Heinonen reported that if Iran continues to install IR-2 centrifuges, at the present rate, the breakout time could be reduced to two weeks. IR-2 centrifuges produce an average of four to five times faster output of highly enriched uranium. Iran had announced last January that it would install 3,000 1R-2 centrifuges into the facility of Natanz. Dr. Heinonen added that Iran has “passed the point of no return.”
Yet, because of Iranian President Hasan Rouhani’s charm offensive at the United Nations earlier this fall, and a propensity for the Obama administration to confuse rhetoric with reality, the United States was all but ready to accept what Prime Minister Benjamin Netanyahu has called “a very bad deal” with Iran.
This deal would have allowed an easing up of international sanctions on Iran in return for the Islamic republic’s continuous enrichment of uranium to 3.5 percent, when they already have enough stockpiled enriched uranium at the 20% level for at least one nuclear bomb.
Why, one wonders, does Iran need so much highly enriched uranium for “peaceful purposes”?
Moreover, why are so many seemingly intelligent people willing to suspend their critical intellects and show the Iranians such trust?
The very day before Rouhani left Tehran for his charm offensive at the United Nations, he was giving a speech at a military parade in which a fleet of Shahab-3 missiles that can easily reach Tel Aviv was carried by a convoy of trucks. A sign in Farsi on the first truck read, “Israel shall cease to exist.”
Moreover, when running for president, Rouhani boasted in an interview on Iranian National Television of how he had used his skills as a nuclear negotiator as a smokescreen behind which to hide the introduction of yellowcake, of the heavy water plutonium reactor in Arak, of going from 150 centrifuges to 1,750 centrifuges.
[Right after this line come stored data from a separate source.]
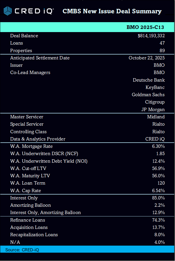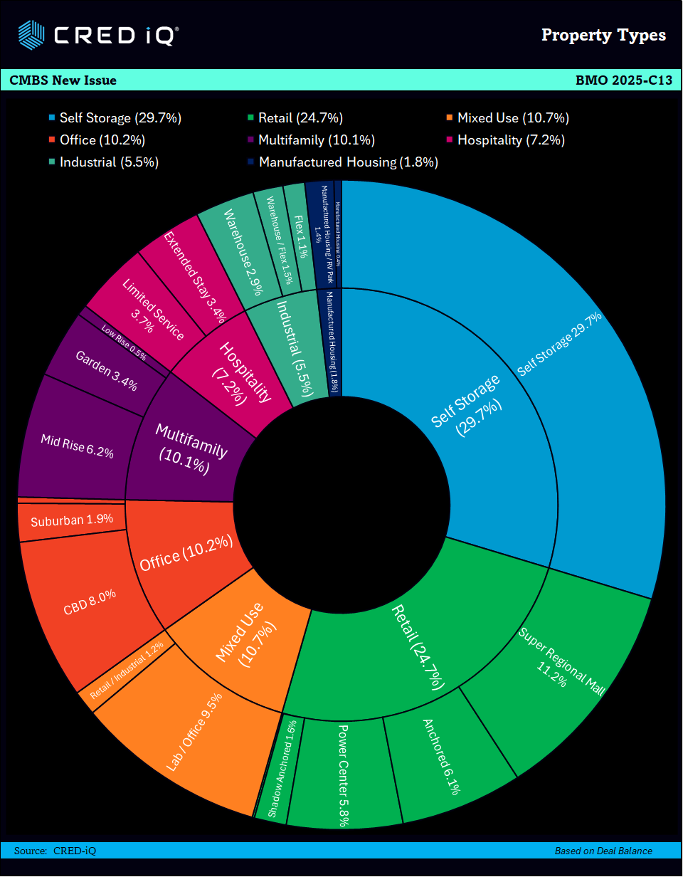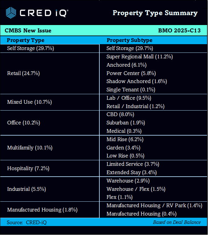 The BMO 2025-C13 CMBS deal is a new issuance securitization for the CMBS market, with a total pooled balance of $814.2 million. The deal is jointly managed by prominent financial institutions including BMO, Deutsche Bank, KeyBanc, Goldman Sachs, Citigroup, and JP Morgan. The deal is collateralized by 47 loans and secured by 89 properties across a variety of sectors, including self storage, retail, and office. The strategic geographic distribution of these properties ensures balanced exposure across major markets. The deal’s weighted average loan-to-value (LTV) ratio of 56.9%, and the weighted average mortgage interest rate is 6.30%.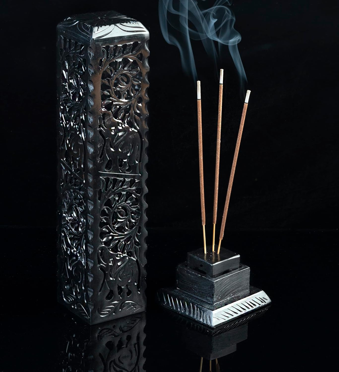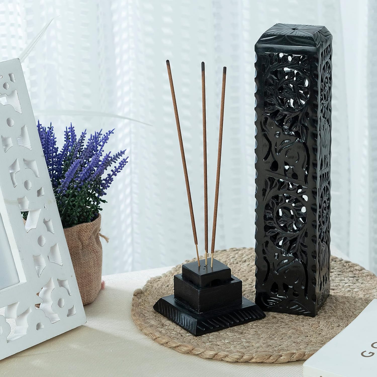 - ⨠MARBLE SOAPSTONE INCENSE BURNER : This attractive handmade black marble soapstone incense stick burner square shape leaf & half wheel carving tower burner marble soapstone incense and candle holder handmade in INDIA, incense and spirituality. Size of the burner in Inch 3X3X11 Inch, lxwxh (8x8x28)cm. Incense can be burned during times of healing, yoga, prayer, general reflection or to help cleanse and clear the air and make a space sacred.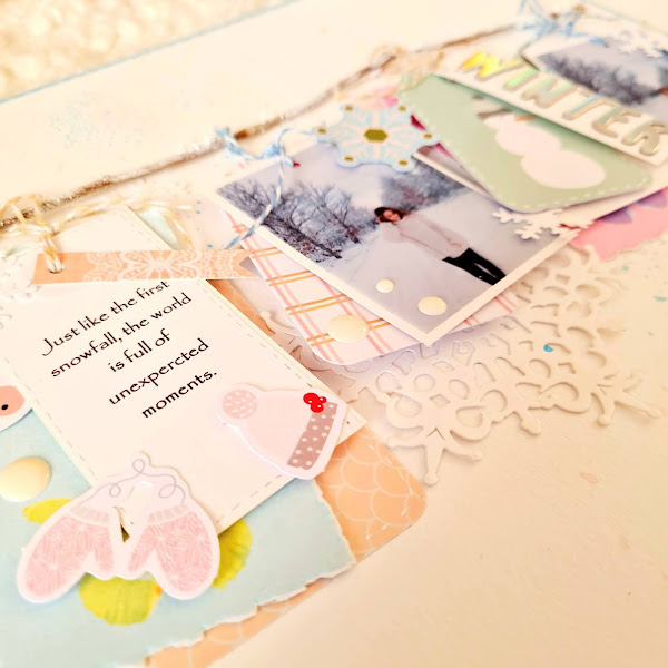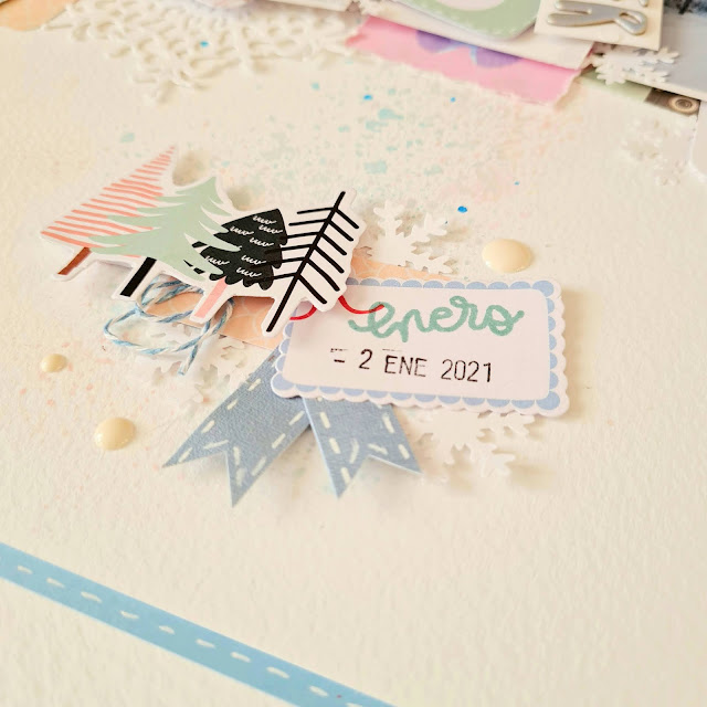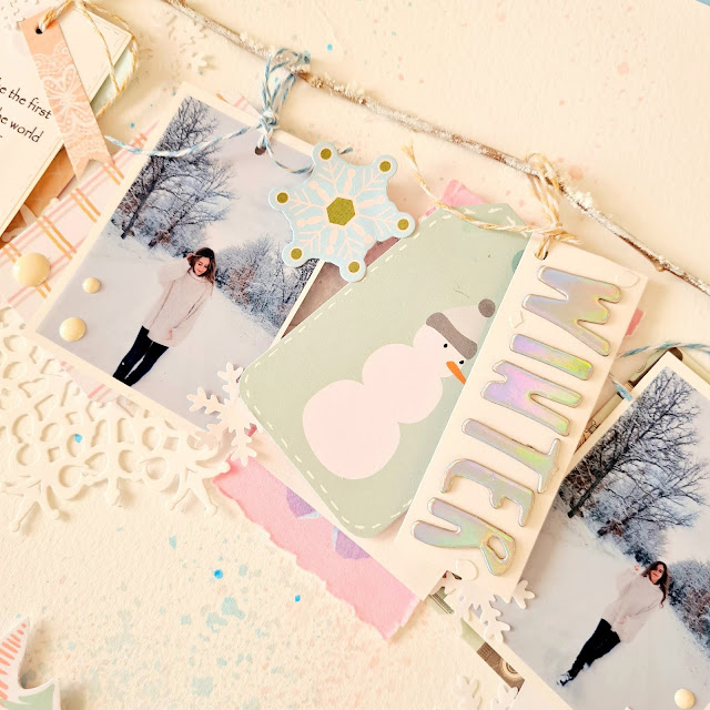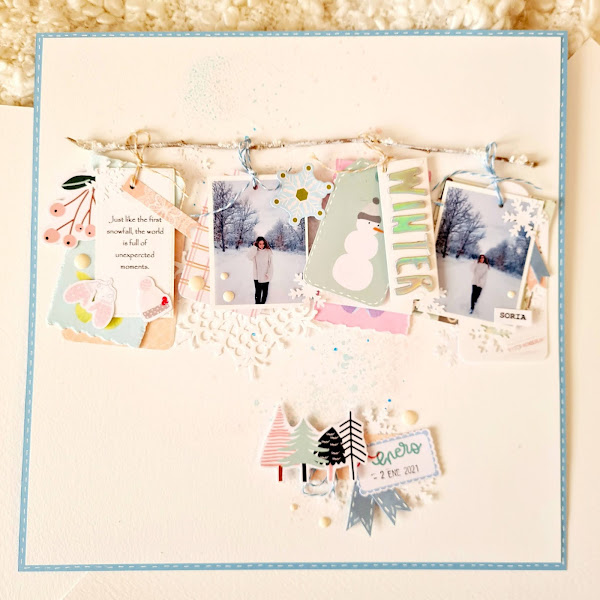 Usé de base papel de acuarelas con algunas manchas de color, pocas porque quería que quedara muy límpio. Coloqué un palo, al que le puse previamente pasta que imita nieve, de forma horizontal en el tercio superior del papel y de él fui colgando las fotos y todos los elementos decorativos.

The Soviets had a great word for what Rouhani is doing: “doublespeak” — using words as a form of warfare to mask one’s true meaning.
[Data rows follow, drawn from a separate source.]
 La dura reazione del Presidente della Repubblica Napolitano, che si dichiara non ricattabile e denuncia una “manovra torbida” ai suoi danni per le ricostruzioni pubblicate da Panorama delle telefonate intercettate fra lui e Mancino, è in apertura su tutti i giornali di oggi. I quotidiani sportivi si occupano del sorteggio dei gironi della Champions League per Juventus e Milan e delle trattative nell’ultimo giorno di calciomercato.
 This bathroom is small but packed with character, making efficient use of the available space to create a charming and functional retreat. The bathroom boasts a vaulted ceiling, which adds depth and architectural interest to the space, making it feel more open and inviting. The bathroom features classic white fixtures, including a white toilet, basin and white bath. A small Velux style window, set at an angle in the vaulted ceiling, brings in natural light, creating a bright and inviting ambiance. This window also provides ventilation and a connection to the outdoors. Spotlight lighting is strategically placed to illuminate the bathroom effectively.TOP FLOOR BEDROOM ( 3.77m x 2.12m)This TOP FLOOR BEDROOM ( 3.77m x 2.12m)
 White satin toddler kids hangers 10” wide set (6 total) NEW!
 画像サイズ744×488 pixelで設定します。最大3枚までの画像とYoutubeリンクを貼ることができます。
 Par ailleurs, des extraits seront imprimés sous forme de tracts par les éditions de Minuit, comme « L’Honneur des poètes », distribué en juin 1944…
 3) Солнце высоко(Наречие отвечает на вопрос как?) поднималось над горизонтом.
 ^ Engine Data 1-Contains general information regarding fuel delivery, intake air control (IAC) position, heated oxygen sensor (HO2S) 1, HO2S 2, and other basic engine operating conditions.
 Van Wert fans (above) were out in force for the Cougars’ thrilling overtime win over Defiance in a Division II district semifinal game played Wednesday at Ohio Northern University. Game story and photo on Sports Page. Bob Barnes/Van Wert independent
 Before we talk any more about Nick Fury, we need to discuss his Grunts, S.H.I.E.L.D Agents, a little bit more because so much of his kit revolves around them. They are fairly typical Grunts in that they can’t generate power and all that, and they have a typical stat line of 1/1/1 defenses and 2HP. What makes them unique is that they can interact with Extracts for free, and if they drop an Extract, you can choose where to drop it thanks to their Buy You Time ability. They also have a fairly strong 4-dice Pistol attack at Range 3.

It was U.S. President Ronald Reagan who had said about the Soviets, “Trust but verify.”
The P5+1 talks brought us perilously close to accepting a very bad deal. There was one nation, however, that refused, France. French Ambassador Laurent Fabius told French journalists, “We will not be part of a fool’s deal.”
Nature abhors a vacuum and France has swept in to fill the vacuum in moral leadership. Vive la France!